How does reversibility work with Encrypt masking format?
Reversibility can be performed using Encrypt Masking format which is Key Based Reversible Masking. It uses 3DES algorithm where a seed value is provided to encrypt and decrypt the data.
If I use Oracle Data Masking and Subsetting in Enterprise Manager to generate the masking script, can I run these scripts directly on the Database Server for masking?
Yes, you can run the generated scripts directly on the database but the officially supported and recommended way to perform data masking is through EM.
If a customer masks data on one server (which is on-premises) and then the customer moves this data to another Oracle Database (e.g., on OCI cloud or any other third-party cloud), can Oracle Data Masking and Subsetting perform the decryption on this new server?
Yes, the customer can mask and subset databases in Oracle Database Cloud Service (DBCS). Oracle Data Masking and Subsetting for cloud databases works much like it does for on-premises databases. Oracle Data Masking and Subsetting license is included in DBCS High Performance, Extreme Performance, and Exadata Service.
Deployment and Administration
How do I download and install Oracle Data Masking and Subsetting?
Oracle Data Masking and Subsetting is pre-installed with Oracle Enterprise Manager.
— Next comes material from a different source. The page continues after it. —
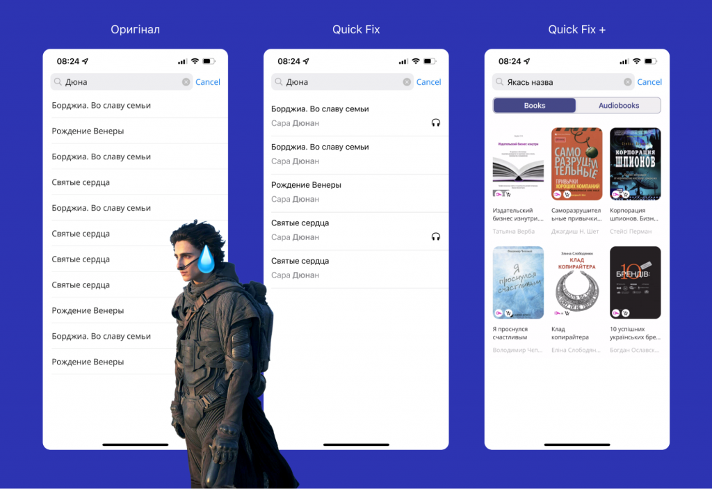 Кейс #2. Шукаємо «Дюна» — знаходимо жменю однакових результатів, часто це одна і та ж книга. До того ж не зрозуміло навіть чи це звичайна чи аудіо книга. Не зрозуміло чому книга потрапила в результати (в цьому випадку є збіг в прізвищі автора). Замість текстового списку можна було просто перевикористати верстку зі сторінки категорії.

To use Oracle Data Masking and Subsetting, you must have the Data Masking and Subsetting license pack.
What are the different ways to mask and subset data?
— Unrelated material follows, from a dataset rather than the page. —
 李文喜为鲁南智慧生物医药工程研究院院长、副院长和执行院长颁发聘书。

- In-Database Masking and Subsetting: The target data is
first copied (cloned) to a separate location. Oracle Data Masking and
Subsetting operates on the cloned data. After processing is complete, the
resulting masked data can be cloned and distributed for non-production.
Note:
In-Database masking and subsetting directly operates on the underlying data, on the original copy of the data and is NOT recommended to be performed on production databases. - In-Export Masking and Subsetting: The masking and subsetting rules are applied while the data is extracted from the target database, and the resulting data is written to Oracle Data Pump dump files. In this mode of operation, Oracle Data Masking and Subsetting can run directly on the production system and unmasked data does not leave the production database. After processing is complete, the dump file containing masked data can be imported into non-production databases.
How does Oracle Data Masking and Subsetting compare to other similar Oracle offerings?
Oracle Solutions |
Description |
Oracle Data Masking and Subsetting |
Software for creating masked and subsetted copies of production data for use in non-production environments such as testing and development databases. |
Oracle Data Safe (Data Discovery/ Data Masking) |
Discover and mask sensitive data with a cloud service that supports Oracle Databases everywhere: in the Oracle Cloud, on-premises, and third-party clouds. |
Oracle Data Redaction |
Redacts sensitive data from query results before display through client applications. Enforces redaction at runtime, with low overhead, and according to conditions set in policies. |
Oracle Label Security |
Implements Multi-Level Security (MLS), enabling rows with differing sensitivity to reside in the same table. Explicitly labels rows with group, compartment, and sensitivity levels then matches them with user labels. |
Can Data Masking and Subsetting run without Enterprise Manager?
All Data Masking and Subsetting objects are centrally located in the Oracle Enterprise Manager repository, which facilitates centralized creation and administration of Application Data Models, Data Masking and Subsetting rules or definitions. So, we recommend using it through Enterprise Manager.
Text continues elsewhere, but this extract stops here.